Your reply must hold the lines from the one containing "- Parmi les" to the end of the entries, copied exactly, with pictures excluded.

──────── STUDY MATERIAL

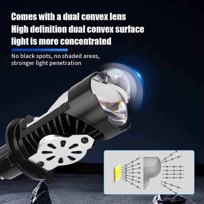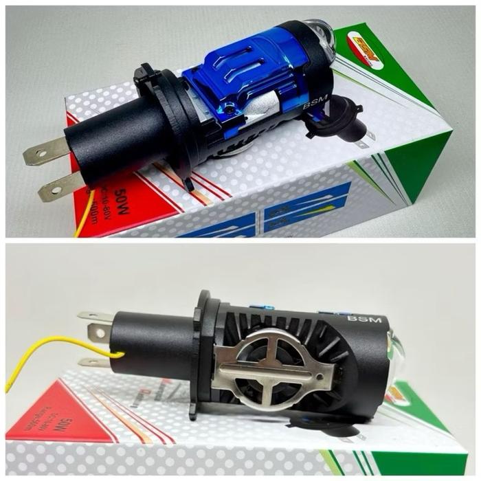 LAMPU UTAMA H4 PROJECTOR ORIGINAL BSM LED PNP AC DAN DC DENGAN KIPAS PENDINGIN FULL ALUMINIUM MOTORCYCLE - H4-DEVIL RED,
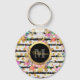 Elegant spring flowers and stripes design key ring
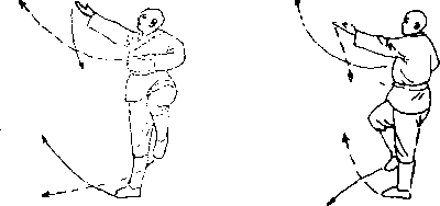 右脚在前方半步落地,抬左腿 两拳变掌,右掌向前方 平穿,掌心它上,掌指向前左掌屈肘平端于左肋前侧,掌 心向上,掌指向前,目视右掌(图77)。功作不停,左脚在 右脚前一步落地,抬右腿左掌向前穿击,掌心向上,掌指 向前。右掌屈肘平端于右肋前侧,掌心向上,掌指向前目 视左掌(图78). ?
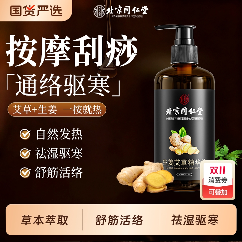 北京同仁堂艾草生姜按摩精油全身体通经络排毒刮痧发热专用按摩油
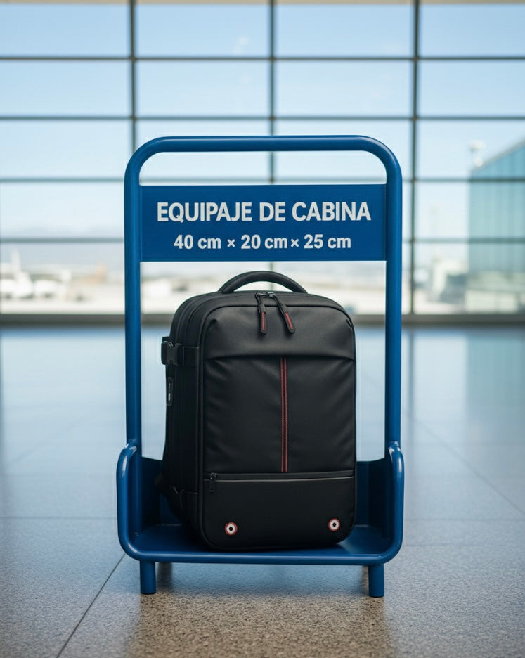 Notre sac à dos est conforme aux dimensions des bagages cabine (40 x 20 x 25 cm), ce qui lui permet de se glisser facilement dans la cabine de tout type d'avion. Il est idéal pour voyager confortablement, sans se soucier des restrictions de taille.
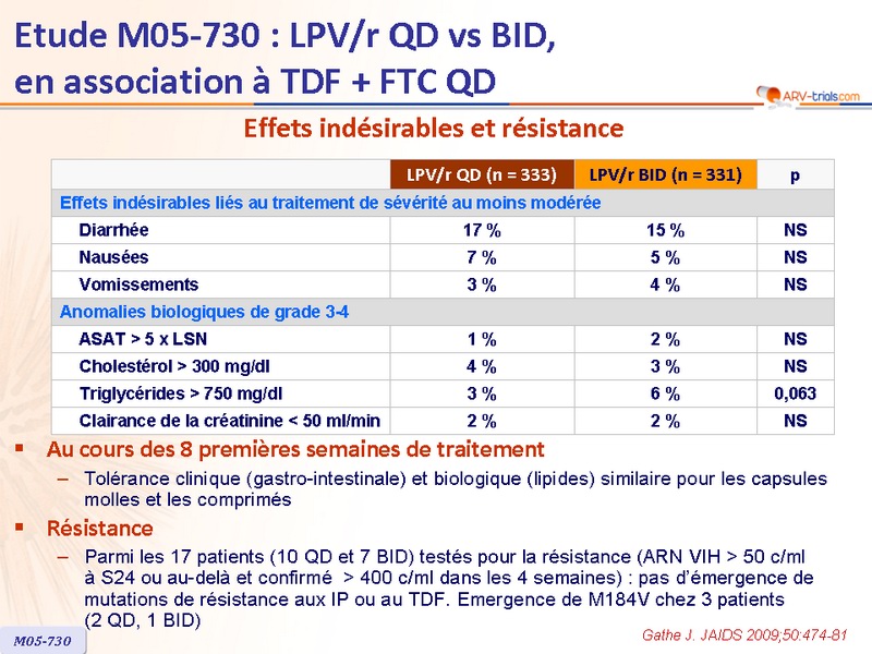 - Parmi les 17 patients (10 QD et 7 BID) testés pour la résistance (ARN VIH > 50 c/ml à S24 ou au-delà et confirmé > 400 c/ml dans les 4 semaines) : pas d’émergence de mutations de résistance aux IP ou au TDF. Emergence de M184V chez 3 patients (2 QD, 1 BID)
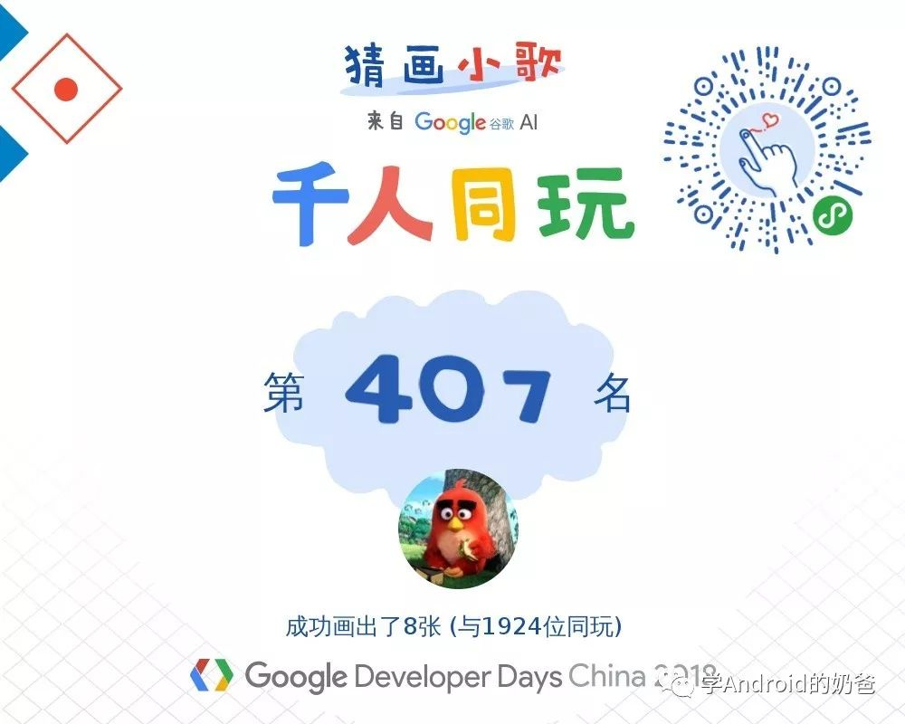 然后我们去了主会场,找了位置坐下。过了一会,大会开始了。首先以猜画小歌千人同玩来热场,这是灵魂画手大显身手的时候。像我这样的手残党,只得了407名。
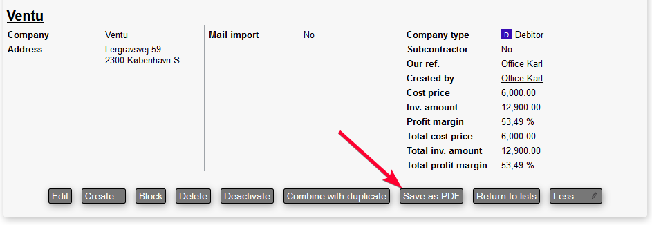 This function is available across many modules i.e. CRM- and Tasks-module, and can be found on the frontpage of the company- and task-card, respectively, as shown below. This is also possible in the equipment search,

────────────────

§ **RESULT**
 - Parmi les 17 patients (10 QD et 7 BID) testés pour la résistance (ARN VIH > 50 c/ml à S24 ou au-delà et confirmé > 400 c/ml dans les 4 semaines) : pas d’émergence de mutations de résistance aux IP ou au TDF. Emergence de M184V chez 3 patients (2 QD, 1 BID)
 然后我们去了主会场,找了位置坐下。过了一会,大会开始了。首先以猜画小歌千人同玩来热场,这是灵魂画手大显身手的时候。像我这样的手残党,只得了407名。
 This function is available across many modules i.e. CRM- and Tasks-module, and can be found on the frontpage of the company- and task-card, respectively, as shown below. This is also possible in the equipment search,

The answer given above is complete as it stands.